The purpose of this series is to show how to compute a Cohen’s-$d$ type effect size when you have longitudinal data on \(3+\)
time points for two experimental groups. In this first post, we’ll warm up with the basics. In the second post, we’ll get down to business. The data and overall framework come from Feingold (
2009).
I make assumptions.
This series is an applied tutorial moreso than an introduction. I’m presuming you have a passing familiarity with the following:
-
You should be familiar with effect sizes, particularly with standardized mean differences. If you need to brush up, consider Cohen’s ( 1988) authoritative text, or Cummings newer ( 2012) text. Since we’ll be making extensive use of Feingold’s ( 2009) paper, you should at least save it as a reference. For nice conceptual overview, I also recommend Kelley and Preacher’s ( 2012) paper, On effect size.
-
Though it won’t be important for this first post, you’ll want to be familiar with multilevel regression for the next–it’s a major part of why I’m making this series! For texts that focus on the longitudinal models relevant for the topic, I recommend Raudenbush & Bryk ( 2002); Singer & Willett ( 2003)–the one I personally learned on–; or Hoffman ( 2015).
-
To fully befit from the next post, it’ll help if you have a passing familiarity with Bayesian regression (though frequentists will still be able to get the main points). For thorough introductions, I recommend either edition of McElreath’s text ( 2020, 2015); Kruschke’s ( 2015) text; or Gelman, Hill, and Vehtari’s ( 2020) text. If you go with McElreath, he has a fine series of freely-available lectures here.
-
All code is in R ( R Core Team, 2022), with healthy doses of the tidyverse ( Wickham et al., 2019; Wickham, 2022). Probably the best place to learn about the tidyverse-style of coding, as well as an introduction to R, is Grolemund and Wickham’s ( 2017) freely-available online text, R for data science.

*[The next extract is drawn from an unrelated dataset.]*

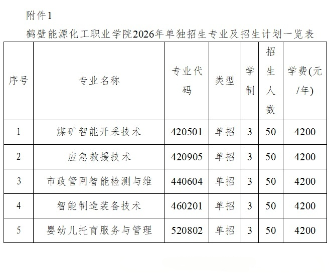 鹤壁能源化工职业学院2026年单独考试招生计划

Here we load our primary R packages and adjust the global plotting theme defaults.
library(tidyverse)
library(patchwork)
# adjust the global plotting theme
theme_set(
theme_linedraw() +
theme(text = element_text(family = "Times"),
panel.grid = element_blank(),
strip.text = element_text(margin = margin(b = 3, t = 3)))
)
We need data.
Happily, Feingold included a working example of synthetic trial data in his paper. You can find the full data set displayed in his Table 1 (p. 46). Here we’ll use a tribble approach to enter those data into R.
d <-
tribble(
~id, ~tx, ~t1, ~t2, ~t3, ~t4,
101, -0.5, 3, 5, 5, 7,
102, -0.5, 4, 4, 6, 6,
103, -0.5, 4, 5, 7, 8,
104, -0.5, 5, 6, 6, 8,
105, -0.5, 5, 6, 7, 8,
106, -0.5, 5, 7, 7, 7,
107, -0.5, 5, 6, 8, 8,
108, -0.5, 6, 6, 7, 9,
109, -0.5, 6, 8, 9, 10,
110, -0.5, 7, 7, 8, 9,
111, 0.5, 3, 5, 7, 9,
112, 0.5, 4, 7, 9, 11,
113, 0.5, 4, 6, 8, 11,
114, 0.5, 5, 7, 9, 10,
115, 0.5, 5, 6, 9, 11,
116, 0.5, 5, 7, 10, 10,
117, 0.5, 5, 8, 8, 11,
118, 0.5, 6, 7, 9, 12,
119, 0.5, 6, 9, 11, 13,
120, 0.5, 7, 8, 10, 12
) %>%
mutate(`t4-t1` = t4 - t1,
condition = ifelse(tx == -0.5, "control", "treatment"))
# inspect the first six rows
head(d)
## # A tibble: 6 × 8
## id tx t1 t2 t3 t4 `t4-t1` condition
## <dbl> <dbl> <dbl> <dbl> <dbl> <dbl> <dbl> <chr>
## 1 101 -0.5 3 5 5 7 4 control
## 2 102 -0.5 4 4 6 6 2 control
## 3 103 -0.5 4 5 7 8 4 control
## 4 104 -0.5 5 6 6 8 3 control
## 5 105 -0.5 5 6 7 8 3 control
## 6 106 -0.5 5 7 7 7 2 control
These synthetic data are from a hypothetical clinical trial where ($N = 20$) participants were randomized into a control group (tx == -0.5
, \(n = 10\)
) or a treatment group (tx == 0.5
, \(n = 10\)
). Their responses on a single outcome variable, \(y_i\)
, were recorded over four time points, which are recorded in columns t1
through t4
. The simple difference score between the first (t1
) and last time points (t4
) was computed in the t4-t1
column. For good measure, I threw in a nominal condition
variable to help clarify the levels of tx
.
To get a sense of the data, it might be helpful to plot.
# participant-level trajectories
p1 <-
d %>%
pivot_longer(t1:t4) %>%
mutate(time = str_extract(name, "\\d") %>% as.double(),
condition = factor(condition, levels = c("treatment", "control"))) %>%
ggplot(aes(x = time, y = value, color = condition)) +
geom_line(linewidth = 1) +
scale_color_viridis_d(end = .75, breaks = NULL) +
scale_y_continuous(breaks = 0:4 * 3, limits = c(0, 13)) +
labs(subtitle = "participant-level trajectories",
y = "outcome") +
facet_wrap(~id) +
theme(strip.text.x = element_text(margin = margin(b = 0.25, t = 0.25)))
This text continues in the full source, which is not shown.